How do people get Marfan Syndrome?
Only about one person out of 5,000 has Marfan syndrome, and it is an ailment that can trouble both genders, as well as all ethnic groups and races. Approximately 75% of all people with Marfan syndrome inherit it from one of their parents, and any parent who has Marfan Syndrome has a 50-50 chance of passing it on to each of their children.
Although it is primarily an inherited disease, Marfan Syndrome can spontaneously appear in someone who has no family history of the disease. Cases like these are considered spontaneous mutations because the afflicted person is the first individual in their family to have Marfan Syndrome. Even though Marfan Syndrome is present at birth for all those bothered by it, symptoms may not show up at all during the early part of a person’s life.
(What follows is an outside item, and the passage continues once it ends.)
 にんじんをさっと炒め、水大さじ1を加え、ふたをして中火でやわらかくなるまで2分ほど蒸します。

Other people demonstrate symptoms of Marfan Syndrome immediately after birth, and these have to be carefully managed so that a person can live a long and healthy life. People afflicted with Marfan Syndrome can have the same life expectancy as individuals without it, but constant monitoring and caretaking must be involved, so that symptoms don’t become life-threatening. The earlier that any treatment is applied, the more likely it is for a favorable outcome to be achieved. It should also be borne in mind that some symptoms of Marfan Syndrome can become worse over time, and those situations require even more careful monitoring and treatment.
How does Marfan Syndrome affect your heart during aging?
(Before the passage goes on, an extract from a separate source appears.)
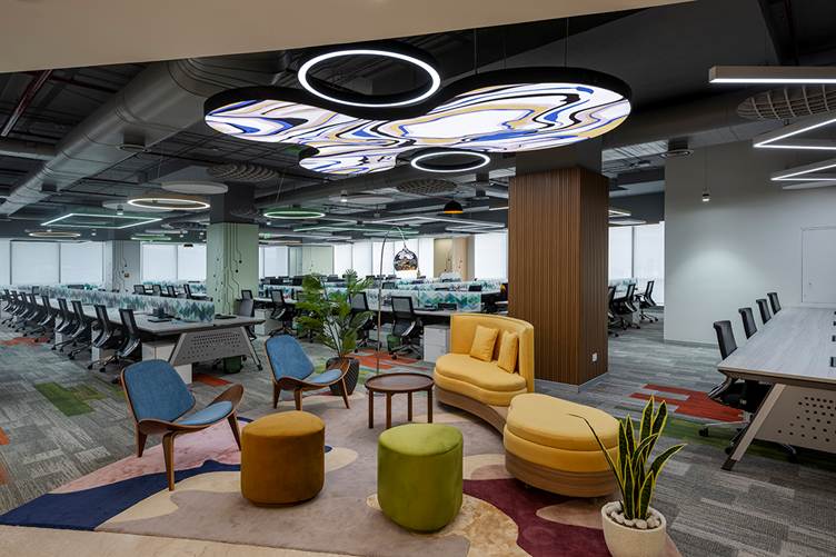 - These creative spaces double as breakout areas, offering employees a place to relax and recharge.

At any point in time, someone troubled by Marfan Syndrome can experience an enlarged aorta, which is the largest artery carrying blood away from the heart. An enlarged aorta is more likely to occur in a younger person who has Marfan Syndrome, but it can literally occur at any point in a person’s life, so periodic screening by ultrasound is a good precaution to take. If the aorta becomes enlarged, there is a danger that it will burst, and that could become a life-threatening situation. People have been known to die suddenly as a result of a burst aorta.
The normal size of the aorta is 2 cm, and it is considered to be enlarged at 3 cm, but it is most likely to burst when it has reached a width of about 5 cm, and that can lead to serious problems. This can also leave a patient more susceptible to atherosclerosis, hardening of the arteries, in other locations around the body, and that can degrade circulation such that a critical point might be reached. A person who has Marfan Syndrome will generally experience sudden strong pain in the abdominal area, or in the lower back when there is a rupture of the aortic artery, and it must then be dealt with immediately.
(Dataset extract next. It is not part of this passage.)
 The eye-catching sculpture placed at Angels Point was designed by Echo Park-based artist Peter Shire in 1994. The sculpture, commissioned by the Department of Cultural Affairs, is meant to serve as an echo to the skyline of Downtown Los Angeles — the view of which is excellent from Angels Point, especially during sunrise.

For many people, there are no signs or symptoms of aortic enlargement at all, right up until the time a rupture occurs. That is why screening is so important for people who have Marfan Syndrome, and why periodic monitoring should be carried out. With February being National Marfan Syndrome Month, this might be the best time of the year to get screened, so you can have peace of mind about your personal health status.